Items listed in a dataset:
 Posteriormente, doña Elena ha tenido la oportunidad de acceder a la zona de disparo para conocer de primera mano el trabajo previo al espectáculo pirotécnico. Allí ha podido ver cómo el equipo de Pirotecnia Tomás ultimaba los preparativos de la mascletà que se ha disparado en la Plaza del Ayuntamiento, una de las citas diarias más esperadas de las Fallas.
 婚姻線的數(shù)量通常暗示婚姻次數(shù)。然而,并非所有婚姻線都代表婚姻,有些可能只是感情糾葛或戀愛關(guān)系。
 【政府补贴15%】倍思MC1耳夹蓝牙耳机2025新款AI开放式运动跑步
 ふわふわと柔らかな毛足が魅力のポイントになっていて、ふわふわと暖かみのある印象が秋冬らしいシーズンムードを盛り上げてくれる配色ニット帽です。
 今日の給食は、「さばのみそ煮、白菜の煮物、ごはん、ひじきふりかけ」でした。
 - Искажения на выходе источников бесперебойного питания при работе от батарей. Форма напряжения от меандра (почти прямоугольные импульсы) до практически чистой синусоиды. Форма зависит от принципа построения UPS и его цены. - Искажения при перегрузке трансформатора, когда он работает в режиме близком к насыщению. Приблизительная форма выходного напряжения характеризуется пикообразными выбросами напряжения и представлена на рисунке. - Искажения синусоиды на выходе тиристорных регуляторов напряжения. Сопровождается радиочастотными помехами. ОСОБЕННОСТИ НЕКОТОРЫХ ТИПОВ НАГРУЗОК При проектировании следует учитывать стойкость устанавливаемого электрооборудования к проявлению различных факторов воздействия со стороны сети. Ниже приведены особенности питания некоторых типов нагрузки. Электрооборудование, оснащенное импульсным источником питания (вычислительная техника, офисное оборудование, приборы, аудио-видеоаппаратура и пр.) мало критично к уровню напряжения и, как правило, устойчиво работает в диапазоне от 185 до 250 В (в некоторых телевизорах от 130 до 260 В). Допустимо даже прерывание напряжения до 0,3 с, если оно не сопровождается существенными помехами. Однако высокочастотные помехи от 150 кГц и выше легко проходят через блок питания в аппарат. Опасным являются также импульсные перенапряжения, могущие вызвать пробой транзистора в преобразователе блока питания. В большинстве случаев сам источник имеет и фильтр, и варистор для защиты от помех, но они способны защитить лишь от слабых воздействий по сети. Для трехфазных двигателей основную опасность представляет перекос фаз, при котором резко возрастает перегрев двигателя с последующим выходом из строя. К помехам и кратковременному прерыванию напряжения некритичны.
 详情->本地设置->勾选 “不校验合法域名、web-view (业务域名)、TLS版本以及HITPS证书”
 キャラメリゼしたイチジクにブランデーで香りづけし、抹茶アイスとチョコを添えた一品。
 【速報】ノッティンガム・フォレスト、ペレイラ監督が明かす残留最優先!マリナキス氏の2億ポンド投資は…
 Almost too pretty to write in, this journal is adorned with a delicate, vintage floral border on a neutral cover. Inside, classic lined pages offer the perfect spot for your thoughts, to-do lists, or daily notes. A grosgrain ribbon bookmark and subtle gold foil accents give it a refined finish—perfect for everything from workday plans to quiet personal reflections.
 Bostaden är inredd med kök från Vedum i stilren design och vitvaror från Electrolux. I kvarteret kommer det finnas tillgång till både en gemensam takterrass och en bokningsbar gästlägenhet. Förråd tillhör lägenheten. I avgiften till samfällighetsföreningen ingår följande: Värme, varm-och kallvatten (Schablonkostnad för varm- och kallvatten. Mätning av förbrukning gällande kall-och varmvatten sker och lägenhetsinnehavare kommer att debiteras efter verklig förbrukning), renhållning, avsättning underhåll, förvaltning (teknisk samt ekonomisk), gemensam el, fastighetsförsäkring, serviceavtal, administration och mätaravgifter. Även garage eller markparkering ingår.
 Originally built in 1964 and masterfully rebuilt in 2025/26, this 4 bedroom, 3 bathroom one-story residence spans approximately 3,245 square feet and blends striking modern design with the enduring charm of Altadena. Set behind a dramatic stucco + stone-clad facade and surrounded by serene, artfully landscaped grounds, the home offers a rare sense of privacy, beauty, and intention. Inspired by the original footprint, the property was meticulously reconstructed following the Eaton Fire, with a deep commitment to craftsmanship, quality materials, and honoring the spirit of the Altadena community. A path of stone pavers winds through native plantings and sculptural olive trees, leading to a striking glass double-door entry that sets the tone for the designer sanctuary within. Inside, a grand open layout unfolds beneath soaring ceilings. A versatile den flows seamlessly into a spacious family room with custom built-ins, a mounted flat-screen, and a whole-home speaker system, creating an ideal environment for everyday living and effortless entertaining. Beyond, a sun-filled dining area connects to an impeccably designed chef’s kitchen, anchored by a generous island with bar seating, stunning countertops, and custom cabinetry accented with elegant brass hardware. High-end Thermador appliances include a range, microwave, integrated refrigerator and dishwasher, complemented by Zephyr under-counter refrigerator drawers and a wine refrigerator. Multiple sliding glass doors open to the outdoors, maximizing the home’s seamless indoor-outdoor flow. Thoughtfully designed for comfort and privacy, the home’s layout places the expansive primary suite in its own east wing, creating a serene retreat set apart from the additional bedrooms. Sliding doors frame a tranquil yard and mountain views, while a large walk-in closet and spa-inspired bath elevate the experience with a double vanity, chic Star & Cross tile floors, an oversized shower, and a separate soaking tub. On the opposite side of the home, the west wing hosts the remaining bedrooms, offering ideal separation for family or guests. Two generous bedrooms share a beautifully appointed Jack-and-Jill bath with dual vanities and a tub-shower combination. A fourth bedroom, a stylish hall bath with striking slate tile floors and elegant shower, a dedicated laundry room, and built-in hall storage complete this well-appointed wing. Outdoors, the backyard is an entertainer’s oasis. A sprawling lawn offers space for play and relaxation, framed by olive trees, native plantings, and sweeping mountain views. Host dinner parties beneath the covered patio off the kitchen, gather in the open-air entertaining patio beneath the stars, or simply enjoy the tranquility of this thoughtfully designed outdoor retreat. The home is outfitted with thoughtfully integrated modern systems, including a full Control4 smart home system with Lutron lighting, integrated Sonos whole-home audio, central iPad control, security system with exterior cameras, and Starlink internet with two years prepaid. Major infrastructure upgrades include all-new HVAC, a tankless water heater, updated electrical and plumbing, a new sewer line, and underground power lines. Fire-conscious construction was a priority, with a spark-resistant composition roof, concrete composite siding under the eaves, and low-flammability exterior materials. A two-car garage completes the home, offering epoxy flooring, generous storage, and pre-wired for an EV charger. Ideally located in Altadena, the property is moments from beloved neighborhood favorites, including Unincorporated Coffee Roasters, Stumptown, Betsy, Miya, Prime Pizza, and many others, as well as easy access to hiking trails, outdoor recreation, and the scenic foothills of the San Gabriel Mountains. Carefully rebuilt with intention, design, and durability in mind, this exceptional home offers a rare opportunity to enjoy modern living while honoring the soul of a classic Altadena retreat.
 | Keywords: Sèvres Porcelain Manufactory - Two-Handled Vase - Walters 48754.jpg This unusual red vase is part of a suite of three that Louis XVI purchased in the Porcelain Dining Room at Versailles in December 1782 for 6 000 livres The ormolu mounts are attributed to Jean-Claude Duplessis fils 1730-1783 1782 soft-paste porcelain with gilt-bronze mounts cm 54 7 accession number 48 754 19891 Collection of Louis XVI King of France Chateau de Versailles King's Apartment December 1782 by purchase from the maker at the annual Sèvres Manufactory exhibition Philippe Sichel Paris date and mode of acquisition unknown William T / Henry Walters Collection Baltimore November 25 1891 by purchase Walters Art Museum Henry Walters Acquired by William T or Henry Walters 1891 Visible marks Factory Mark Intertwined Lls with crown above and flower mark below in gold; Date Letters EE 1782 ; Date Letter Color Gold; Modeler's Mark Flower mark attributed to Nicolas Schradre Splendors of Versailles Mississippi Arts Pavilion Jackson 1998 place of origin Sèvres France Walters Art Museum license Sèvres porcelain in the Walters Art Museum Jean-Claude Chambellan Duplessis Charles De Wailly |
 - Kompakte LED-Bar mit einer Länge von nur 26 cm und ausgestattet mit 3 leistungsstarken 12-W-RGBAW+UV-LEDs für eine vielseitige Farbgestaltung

▸ Your assignment
Write out exactly the lines between the start of the entries and the line containing "今日の給食は、「さばのみそ煮、白菜の煮物、ごはん、ひじきふりかけ」でした。", including that line and the first one.

▸ Task response
 Posteriormente, doña Elena ha tenido la oportunidad de acceder a la zona de disparo para conocer de primera mano el trabajo previo al espectáculo pirotécnico. Allí ha podido ver cómo el equipo de Pirotecnia Tomás ultimaba los preparativos de la mascletà que se ha disparado en la Plaza del Ayuntamiento, una de las citas diarias más esperadas de las Fallas.
 婚姻線的數(shù)量通常暗示婚姻次數(shù)。然而,并非所有婚姻線都代表婚姻,有些可能只是感情糾葛或戀愛關(guān)系。
 【政府补贴15%】倍思MC1耳夹蓝牙耳机2025新款AI开放式运动跑步
 ふわふわと柔らかな毛足が魅力のポイントになっていて、ふわふわと暖かみのある印象が秋冬らしいシーズンムードを盛り上げてくれる配色ニット帽です。
 今日の給食は、「さばのみそ煮、白菜の煮物、ごはん、ひじきふりかけ」でした。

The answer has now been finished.